*What is being asked*
Without the pictures, write the listing out again exactly as it appears.

*Input data*
==========
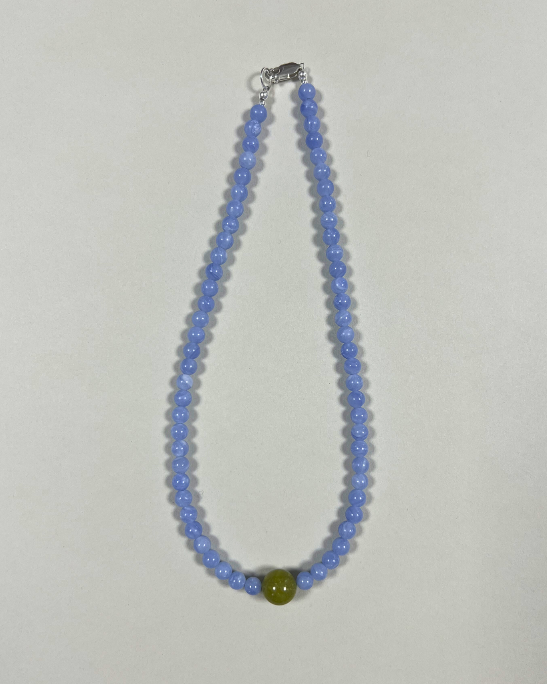 A one-of-a-kind necklace featuring 6 mm blue lace agate beads with a central olive jade sphere. All findings and clasp are sterling silver.
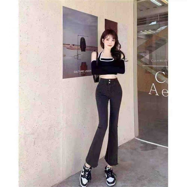 早秋季新品高弹力女装洗水棉毛边微喇叭牛仔裤,独立包装带腰卡,码数S-2XL码,1150件,全清9.9元超低价秒杀!分货加一!
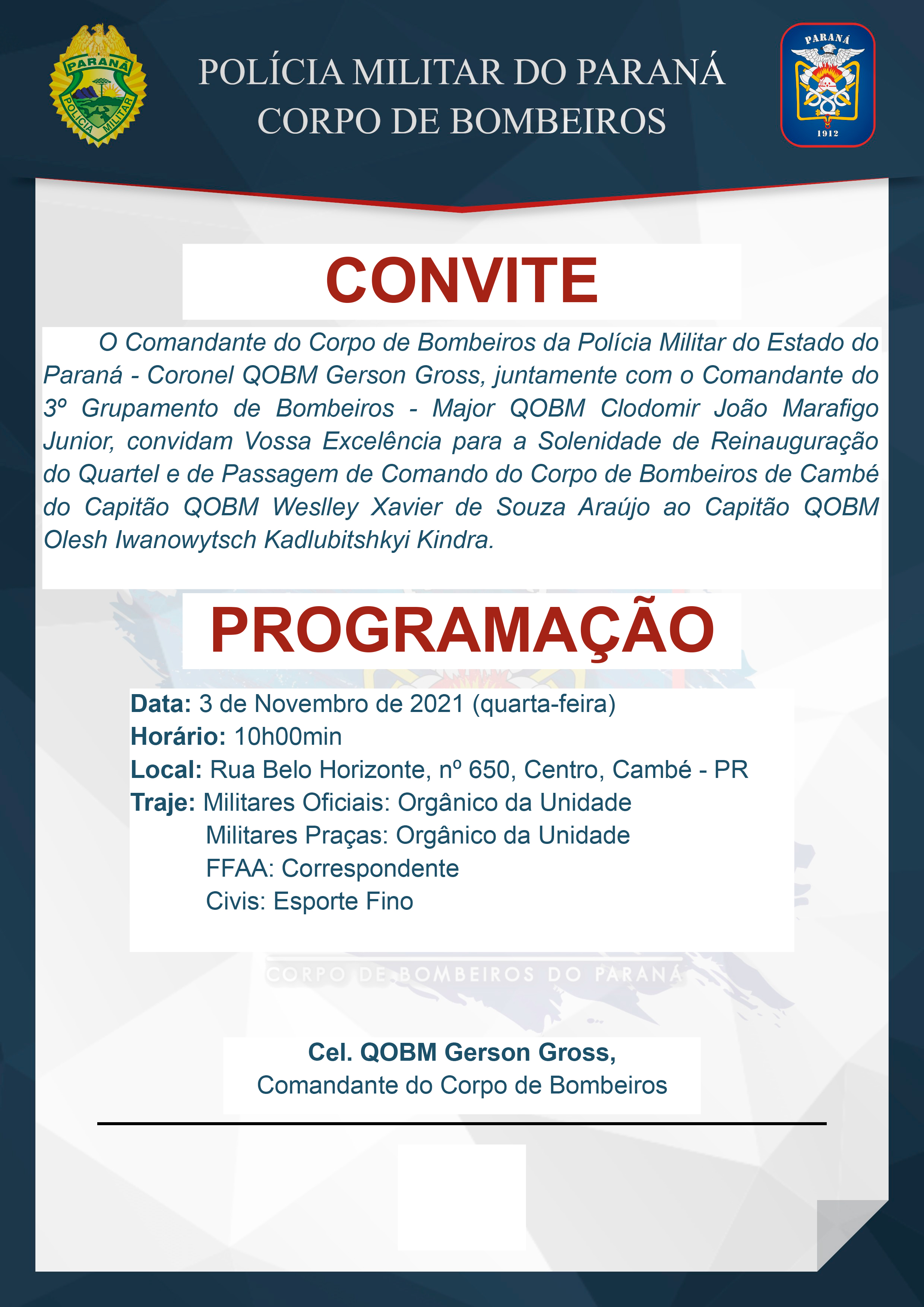 CCB Convite de Passagem de Comando e Reinauguração do CB Cambé 22/10/2021 - 17:19 Compartilhe: Voltar Início Imprimir Baixar
==========
*Output*
 A one-of-a-kind necklace featuring 6 mm blue lace agate beads with a central olive jade sphere. All findings and clasp are sterling silver.
 早秋季新品高弹力女装洗水棉毛边微喇叭牛仔裤,独立包装带腰卡,码数S-2XL码,1150件,全清9.9元超低价秒杀!分货加一!
 CCB Convite de Passagem de Comando e Reinauguração do CB Cambé 22/10/2021 - 17:19 Compartilhe: Voltar Início Imprimir Baixar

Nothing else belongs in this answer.